Soon after these guests arrived, the vicuña catch began. Almost all of the local people began the long walk outward from the central catch area along one of the fence lines. I admired their ability to function in this thin air. They were going to catch the vicuñas from the smallest of the several wedges that converged at the center of the valley. The Aanbys and I stayed at the catch area, along with the gringo turistas. About half an hour after the last of the drovers had disappeared from sight over the rolling hills we began to see small groups of vicuña running along the hilltops in the distance. Fifteen minutes later the line of people appeared at the horizon and many small groups of vicuña could be seen racing here and there ahead of them. This is the most dangerous time of the chaccu, when small bands of animals make high-speed dashes at the line wherever it seems weakest. These forays were almost always turned back with lots of whooping and hollering by the people in the line. Occasionally a few animals would slip through a weak point, but it seemed that more than 95% were contained and eventually caught. As the group of vicuña became more concentrated, the animals seemed calmer and fewer attempted to escape. Toward the end of the chaccu the main body of the vicuñas were just walking along peacefully a few yards ahead of the line of people.


Nearing the end of the Chaccu Turistico.

At this point, the tourists began to pose for photos in front of the captured herd. The local people maintained a cordon around the animals, but there was a strange calmness that settled over the scene. The animals were moved across the main road between two lines of herdsmen, at the walk, just like a big group of llamas would be herded from one place to another. Once the animals were enclosed in a big corral, the tourists were invited to take their places in a semi-circle of plastic chairs facing a stage made of sod. This was the traditional ceremony that followed a chaccu, and one of the chairs was reserved for me.


The American alpaca breeders pose for a photo in front of the captured
vicuñas.  At the center is Jose Antonio Escalante Yana,
President of the Multi-Community Picotani Comite.

Two of the tourists were asked to participate in the ceremonial wedding of a male and female vicuña. After some speeches and some offerings of coca and wine to the earth and wind, the two vicuñas were nabbed at random from the adjacent corral and dragged up to the sod altar. The turistas were asked to sew colored yarn through the eartips of each animal. Then a good-sized piece was cut out of the outer edge of each ear, resulting in quite a lot of bleeding. The blood was collected in a small container and about half of it was mixed with red wine, which was then offered to and drunk by everyone in the half circle.

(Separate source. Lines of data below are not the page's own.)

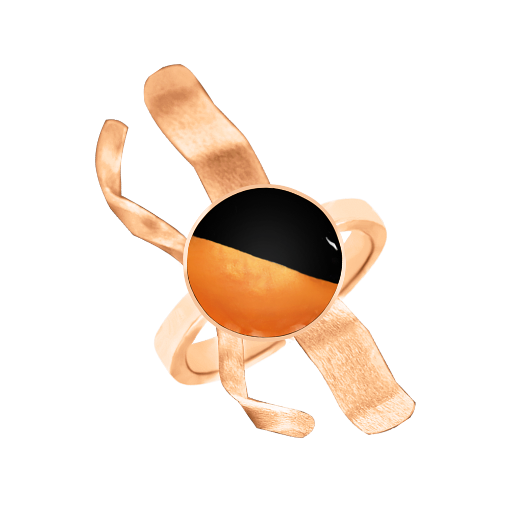 Μοναδικό χειροποίητο Δαχτυλίδι με σμάλτο και υγρό γυαλί από μέταλλο ορείχαλκου. Χρώμα Σμάλτου: Μαύρο και ροδακινί. Το μέγεθος αυξομειώνεται. Είναι το κομμάτι του ΣΕΤ Αποπλάνηση. Το Μαύρο Συμβολίζει δύναμη, κομψότητα και μυστήριο. Το Χρώμα ροδακινί Συμβολίζει την ισορροπία, ενεργεία και δημιουργία. Φοριέται όλες τις Εποχές και ταιριάζει με Καθημερινό, Βραδινό και Επίσημο ντύσιμο.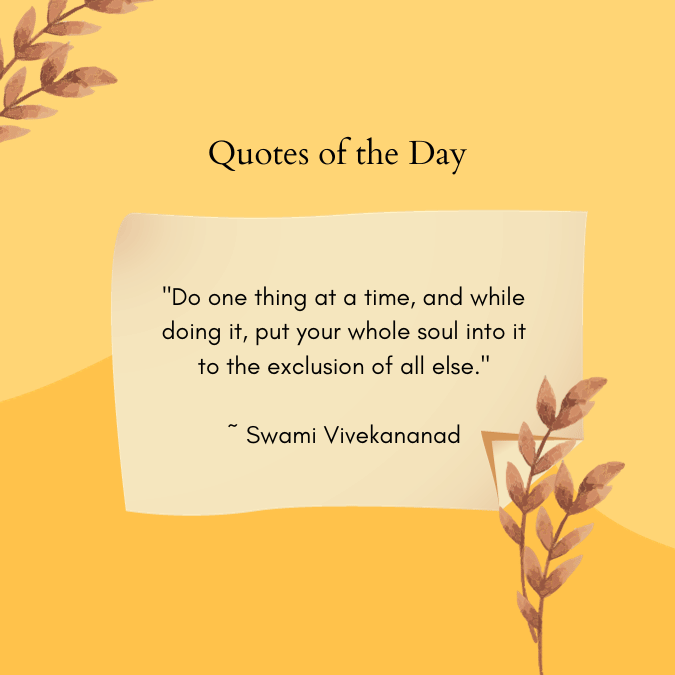 “Do one thing at a time, and while doing it, put your whole soul into it to the exclusion of all else.” ~ Swami Vivekananad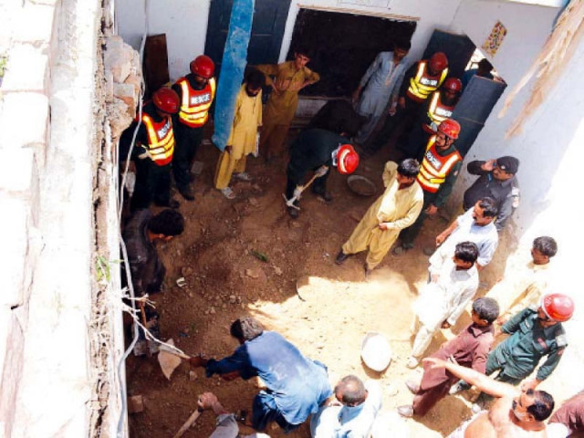 Rescue workers clear out debris from the school. PHOTO: EXPRESS

The chaccu was followed by a ceremonial marriage of two vicuñas.

Next a woman made the circuit dipping her fingers into the small container of blood and painting it onto each cheek of each guest. Right behind her was another woman with an apron-full of coca leaves, offering a handful to each guest. Finally, all the guests were asked to remove their hats and a third woman passed around sprinkling colored confetti on their bare heads. A little more ceremonial incantation followed and it was over.

We all went into the shearing shed for a symbolic first shearing of a vicuña. The men doing the shearing knew their stuff, and within 3-4 minutes the animal was ready to be released. I was standing near the small door where the vicuña was to be let go, and the handlers invited me to pose for a photo with this first-shorn vicuña of the year.


The first vicuña to be shorn is about to be released.

A hot dinner of alpaca ribs, corn and potatoes was served to all the participants, and the tourists climbed into their van and headed back to their luxury hotel in the lowlands (well, a few thousand feet lower, anyway). I was offered a bed for the night in the office of the Comite that organized the chaccu. They found two extra blankets for me, and for a second night running I slept in my clothes, this time with vicuña blood smeared on my cheeks and confetti in my hair. I was just barely maintaining, and I fervently hoped that I would be better adjusted to the thin air by the next morning.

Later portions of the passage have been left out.